Это было бы замечательно, если бы человек мог справиться с таким трансплантатом, подумал Нойес. А как было бы полезно каждому будущему реципиенту провести минут пять в компании Натаниэля Овенса и посмотреть, к чему может привести жадность.
— …может было бы и лучше, если бы вся эта затея с трансплантациями вовсе не начиналась, — говорил Дэвид Лоэб. — К тому же я не верю в удаление. У меня есть трансплантат. Но все же…
— Это наше спасение. В этом наше стремление к бессмертию, — сказал Овенс мягким, высоким голосом. — Я записался сюда, нахожусь здесь с целой компанией пассажиров и надеюсь теперь на новый цикл, в новом теле, когда…
— Нат! Твоя рука! — взвизгнула Ровена.
Пока он говорил, его рука совершенно независимо от тела потянулась вперед, чтобы ухватить бедро Глории Лоэб. Глория смущенно моргнула, почувствовав, как сомкнулись узловатые пальцы. Овенс пробормотал какие-то извинения, но руку не убрал. Дэвид Лоэб и Нойес пришли на помощь одновременно: Нойес схватил запястье руки Овенса, а его родственник разжал пальцы. На бледной коже Глории появились красные пятна.

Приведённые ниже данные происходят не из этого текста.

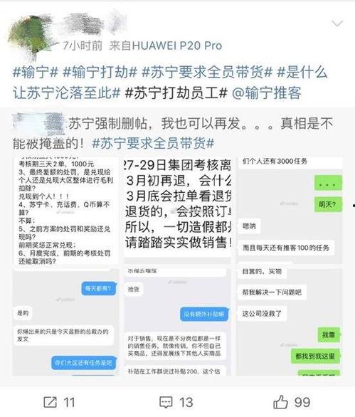 你知道吗?最近苏宁员工又爆出了大瓜!这次可是涉及到了公司内部的一些秘密,让人听得是津津有味。下面就让我来给你细细道来,保证让你大呼过瘾!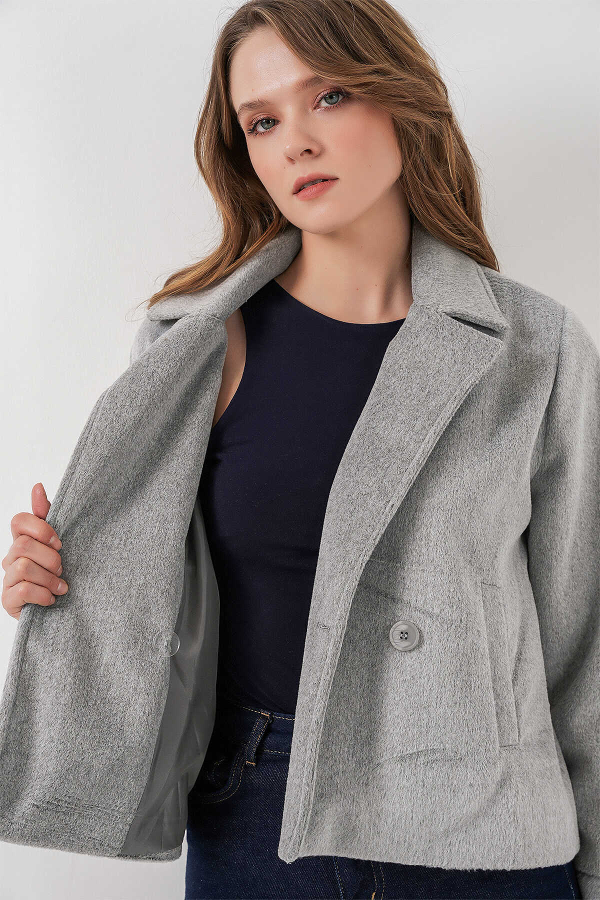 Kadın Kısa Kaşe Ceket 0725 - A.Gri - Kombin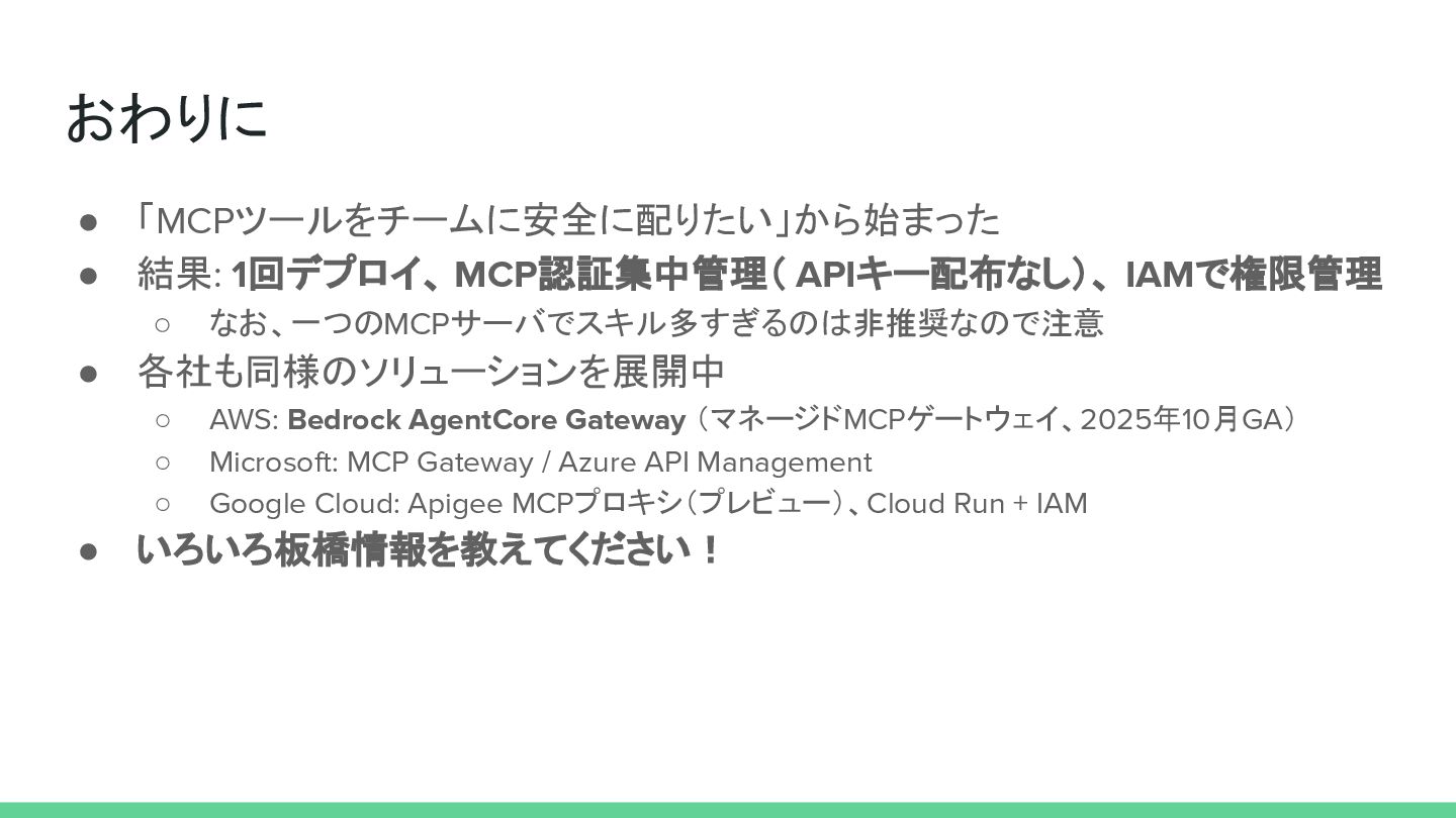おわりに • 「MCPツールをチームに安全に配りたい」から始まった • 結果: 1回デプロイ、 MCP認証集中管理( APIキー配布なし)、 IAMで権限管理 ◦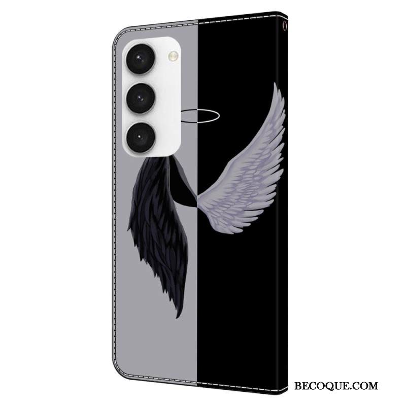 Nahkakotelo Samsung Galaxy S24 5g Valkoiset Ja Mustat Siivet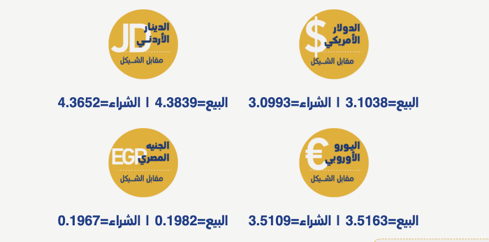 رام الله 9-12-2021 وفا- جاءت أسعار العملات مقابل الشيقل الإسرائيلي، اليوم الخميس، حسب سلطة النقد على النحو التالي: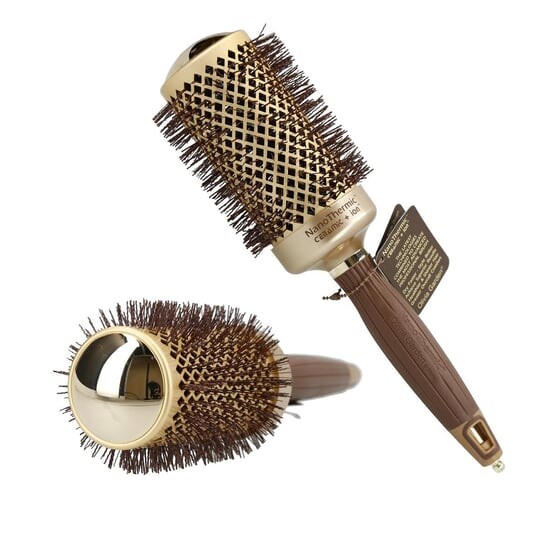 Nano Thermic Ceramic+Ion Round Thermal Hairbrush — кисть для моделирования волос диаметром 54 мм, созданная брендом Olivia Garden. Идеально подходит для ухода за волосами и моделирования. Благодаря специальным отверстиям ускоряется поток воздуха, сокращая время высыхания. Кисть изготовлена с максимальным вниманием к деталям из высококачественных материалов. Его современное керамическое покрытие быстро нагревается и долго сохраняет тепло. Щетина щетки обладает антистатическими свойствами, благодаря чему Nano Thermic Ceramic+Ion Round Thermal Hairbrush не электризует волосы. Он чрезвычайно бережен к волосам и коже головы. Благодаря использованию турмалиновой технологии и ионизации волосы после использования щетки становятся исключительно блестящими и гладкими. Кисть обладает антибактериальными свойствами. Он придает волосам здоровый вид и делает их красивыми.

Было видно, что Овенс не понял, что он сделал. Последовала длительная молчаливая пауза, в течение которой аристократы искали аристократический способ уладить возникшую ситуацию. Затем Овенс хрипло сказал:
— Я, пожалуй, пойду искупаюсь. Разряжусь немного и приведу себя в порядок.
Спотыкаясь, он побежал к воде. В его грузном, неуклюжем и в то же время могучем теле, по-видимому, шла борьба за контроль даже на бегу. Но он ухитрился нырнуть вполне нормально. Опустив голову и размахивая руками, он, как торпеда, поплыл к рифу.
Нойес закрыл глаза. Солнце над его головой вдруг показалось ему огромным, гигантским раскаленным шаром, изрыгающим пламя. В его голове раздался издевательский смех Кравченко.
«Смотри, смотри, Чарли. Это то, что я собираюсь вскоре сделать с тобой. И мне не понадобятся несколько приятелей, чтобы оттолкнуть тебя в сторону. Я справлюсь один».
Нойес отвернулся от присутствующих. Чтобы говорить с Кравченко напрямую, он должен был произносить слова вслух, и ему не хотелось, чтобы кто-нибудь услышал, как он разговаривает сам с собой.
— У тебя это не пройдет, — прошептал он, — как только ты попытаешься это сделать, я убью нас обоих, Кравченко.
«Ох. Опять угрожаешь карнифагом. Где твоя колба, Чарли? В плавках?»
— Оставь меня.
«Почему бы нам не пойти и не поговорить с Еленой. Это такая женщина! Займись-ка ей, а я посижу и посмотрю. Когда я был жив, я знал ее. Тогда она еще не была любовницей Кауфмана. Дай мне контроль над твоим телом, Чарли, и она будет твоей».
— Прекрати!
«Это будет выгодно для нас обоих. Я обработаю Елену, а твое тело получит наслаждение».